→ **ASSIGNMENT**
Among the entries below, extract exactly the lines that run from the one with "Welcome to 5576" through the one with "Mean number of", both ends included.

→ **DATA**
--
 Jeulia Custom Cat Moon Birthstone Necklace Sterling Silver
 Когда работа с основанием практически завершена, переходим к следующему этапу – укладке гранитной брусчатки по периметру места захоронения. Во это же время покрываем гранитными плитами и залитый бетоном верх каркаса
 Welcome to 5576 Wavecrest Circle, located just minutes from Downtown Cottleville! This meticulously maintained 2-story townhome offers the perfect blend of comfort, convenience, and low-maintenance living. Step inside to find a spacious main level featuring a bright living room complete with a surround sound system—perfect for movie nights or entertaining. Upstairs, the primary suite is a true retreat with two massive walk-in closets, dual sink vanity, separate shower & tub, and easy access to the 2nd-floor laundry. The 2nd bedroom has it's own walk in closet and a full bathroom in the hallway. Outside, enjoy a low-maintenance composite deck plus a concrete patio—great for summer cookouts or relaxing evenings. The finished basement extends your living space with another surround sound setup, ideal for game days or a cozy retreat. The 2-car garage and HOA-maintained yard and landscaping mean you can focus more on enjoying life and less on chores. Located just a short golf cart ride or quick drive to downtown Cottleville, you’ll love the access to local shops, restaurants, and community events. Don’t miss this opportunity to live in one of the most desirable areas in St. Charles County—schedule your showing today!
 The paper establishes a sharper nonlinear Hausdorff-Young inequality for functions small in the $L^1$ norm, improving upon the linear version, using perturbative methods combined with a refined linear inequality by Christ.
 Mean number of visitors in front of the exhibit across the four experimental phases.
--
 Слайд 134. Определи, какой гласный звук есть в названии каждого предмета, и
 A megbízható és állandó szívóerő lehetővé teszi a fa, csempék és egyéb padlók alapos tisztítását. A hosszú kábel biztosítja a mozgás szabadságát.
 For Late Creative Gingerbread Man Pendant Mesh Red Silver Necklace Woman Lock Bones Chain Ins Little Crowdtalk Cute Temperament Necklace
--
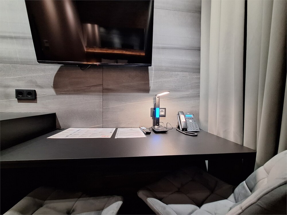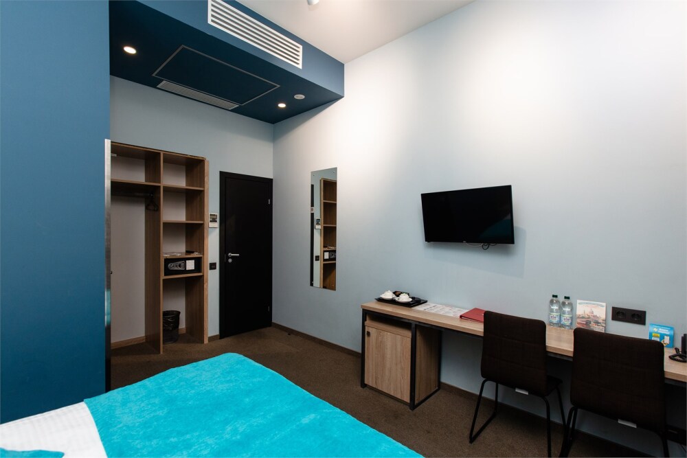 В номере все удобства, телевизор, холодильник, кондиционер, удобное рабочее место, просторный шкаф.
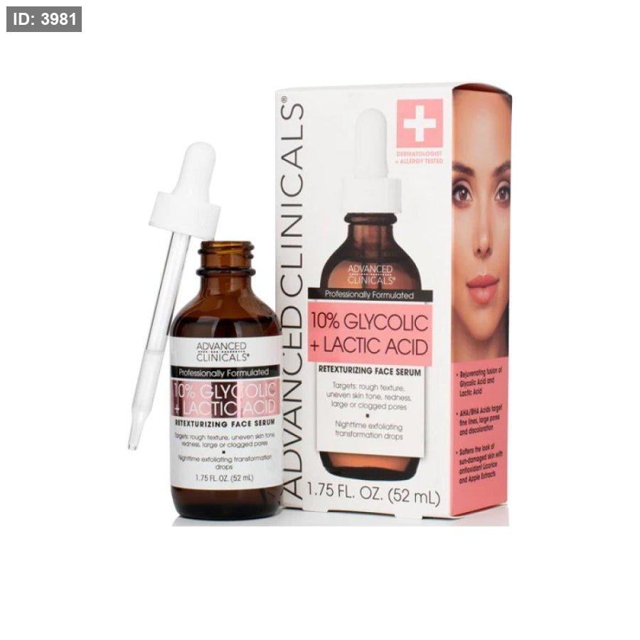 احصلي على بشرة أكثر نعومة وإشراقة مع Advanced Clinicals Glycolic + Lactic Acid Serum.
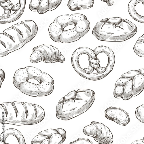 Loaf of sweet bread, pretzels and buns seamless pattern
--
→ **REPLY**
 Welcome to 5576 Wavecrest Circle, located just minutes from Downtown Cottleville! This meticulously maintained 2-story townhome offers the perfect blend of comfort, convenience, and low-maintenance living. Step inside to find a spacious main level featuring a bright living room complete with a surround sound system—perfect for movie nights or entertaining. Upstairs, the primary suite is a true retreat with two massive walk-in closets, dual sink vanity, separate shower & tub, and easy access to the 2nd-floor laundry. The 2nd bedroom has it's own walk in closet and a full bathroom in the hallway. Outside, enjoy a low-maintenance composite deck plus a concrete patio—great for summer cookouts or relaxing evenings. The finished basement extends your living space with another surround sound setup, ideal for game days or a cozy retreat. The 2-car garage and HOA-maintained yard and landscaping mean you can focus more on enjoying life and less on chores. Located just a short golf cart ride or quick drive to downtown Cottleville, you’ll love the access to local shops, restaurants, and community events. Don’t miss this opportunity to live in one of the most desirable areas in St. Charles County—schedule your showing today!
 The paper establishes a sharper nonlinear Hausdorff-Young inequality for functions small in the $L^1$ norm, improving upon the linear version, using perturbative methods combined with a refined linear inequality by Christ.
 Mean number of visitors in front of the exhibit across the four experimental phases.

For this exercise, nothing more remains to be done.